* _WHAT YOU NEED TO DO_: Copy the data below exactly. Any pictures in it should be omitted.

[Data extracted from a collection]
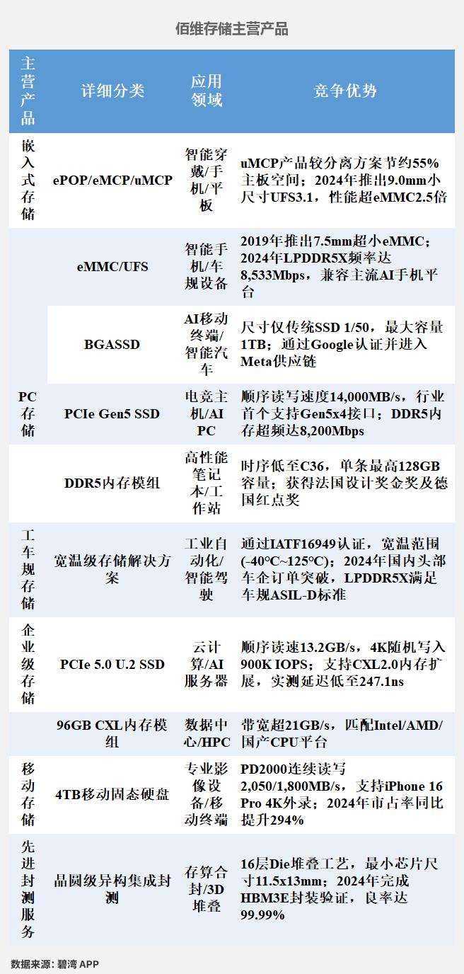 2024年公司的主营业务为存储行业,主要产品包括嵌入式存储、固态硬盘、移动存储三项,嵌入式存储占比48.24%,固态硬盘占比23.75%,移动存储占比18.37%。
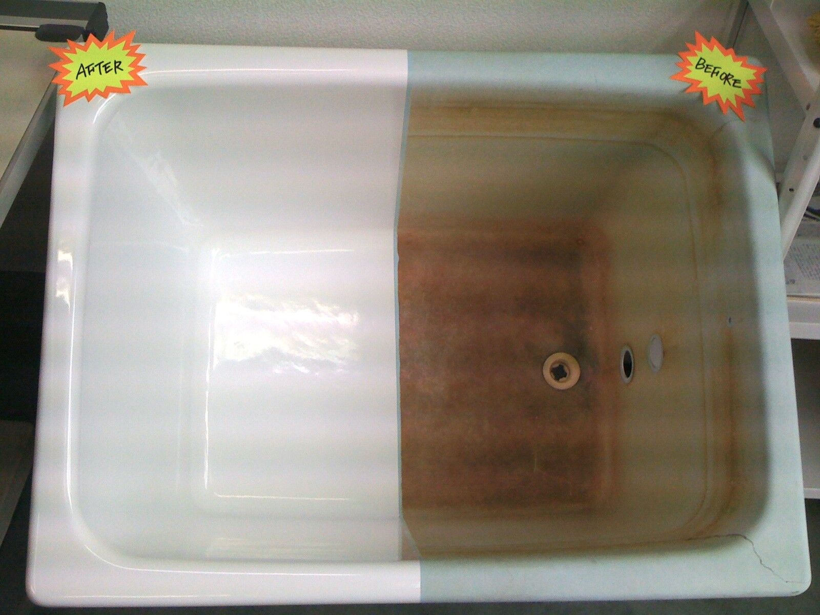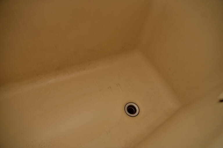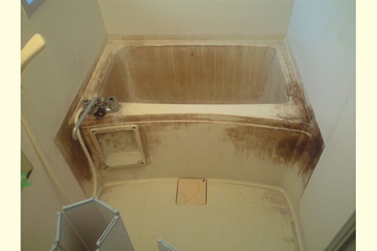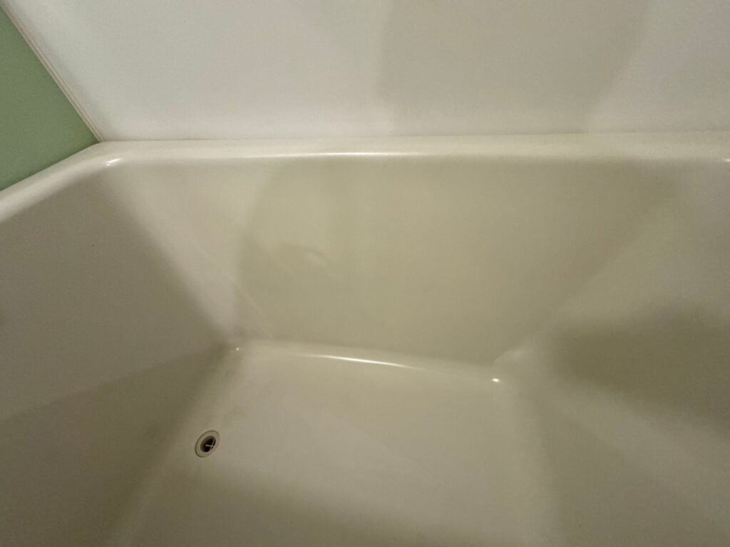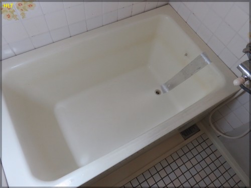 経年劣化で変色した浴槽を樹脂塗装で再生 下関市お風呂のリフォーム リメイク はネオ技建。ヒビ割れ、サビ、カビ、水アカ等。修理はお任せ下さい。
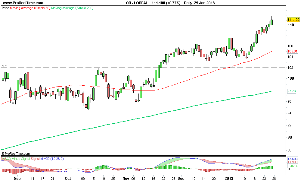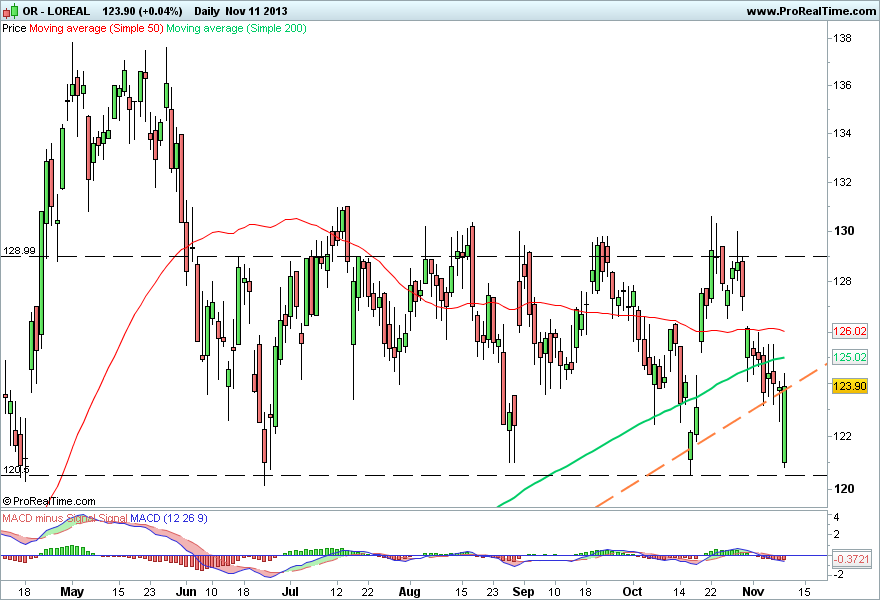 A LTA de 2012 foi definitivamente quebrada, a L'Oreal tenta agora desesperadamente manter-se acima da LTA que vem de 2011, enquanto prossegue a sua lateralização entre os 120,5 e os 129.
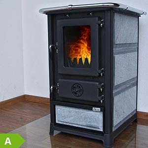- Kaminofen mit Backfach – geeignetes Brennmaterial: Scheitholz, Braunkohlebriketts
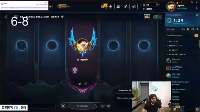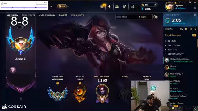 00:01:36Agurin eröffnet den Stream mit der Mitteilung, dass er aktuell Rang 15 auf EU West erreicht hat. Er betont, dass dies kein großer Deal sei, da er häufig hoch gerankt spiele und sein Ziel sei, Rang 1 zu erklimmen. Nebenbei erwähnt er kurz Leak-Drama aus Argentinien und diskutiert Champion-Banns, insbesondere ob Pyke oder Rel gebannt werden sollten, wobei er Jarvan als seine Stärke und Diana als übermächtig einstuft.
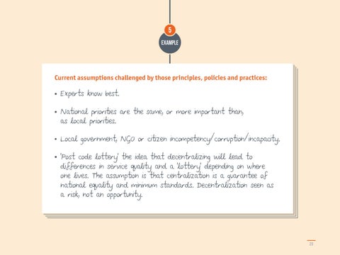 Current assumptions challenged by those principles, policies and practices: Experts know best. National priorities are the same, or more important than, as local priorities. Local government, NGO or citizen incompetency/corruption/incapacity. ‘Post code lottery’ the idea that decentralizing will lead to differences in service quality and a ‘lottery’ depending on where one lives. The assumption is that centralization is a guarantee of national equality and minimum standards. Decentralization seen as a risk, not an opportunity.

* _SOLUTION_:
 2024年公司的主营业务为存储行业,主要产品包括嵌入式存储、固态硬盘、移动存储三项,嵌入式存储占比48.24%,固态硬盘占比23.75%,移动存储占比18.37%。
 経年劣化で変色した浴槽を樹脂塗装で再生 下関市お風呂のリフォーム リメイク はネオ技建。ヒビ割れ、サビ、カビ、水アカ等。修理はお任せ下さい。
 A LTA de 2012 foi definitivamente quebrada, a L'Oreal tenta agora desesperadamente manter-se acima da LTA que vem de 2011, enquanto prossegue a sua lateralização entre os 120,5 e os 129.
- Kaminofen mit Backfach – geeignetes Brennmaterial: Scheitholz, Braunkohlebriketts
 00:01:36Agurin eröffnet den Stream mit der Mitteilung, dass er aktuell Rang 15 auf EU West erreicht hat. Er betont, dass dies kein großer Deal sei, da er häufig hoch gerankt spiele und sein Ziel sei, Rang 1 zu erklimmen. Nebenbei erwähnt er kurz Leak-Drama aus Argentinien und diskutiert Champion-Banns, insbesondere ob Pyke oder Rel gebannt werden sollten, wobei er Jarvan als seine Stärke und Diana als übermächtig einstuft.
 Current assumptions challenged by those principles, policies and practices: Experts know best. National priorities are the same, or more important than, as local priorities. Local government, NGO or citizen incompetency/corruption/incapacity. ‘Post code lottery’ the idea that decentralizing will lead to differences in service quality and a ‘lottery’ depending on where one lives. The assumption is that centralization is a guarantee of national equality and minimum standards. Decentralization seen as a risk, not an opportunity.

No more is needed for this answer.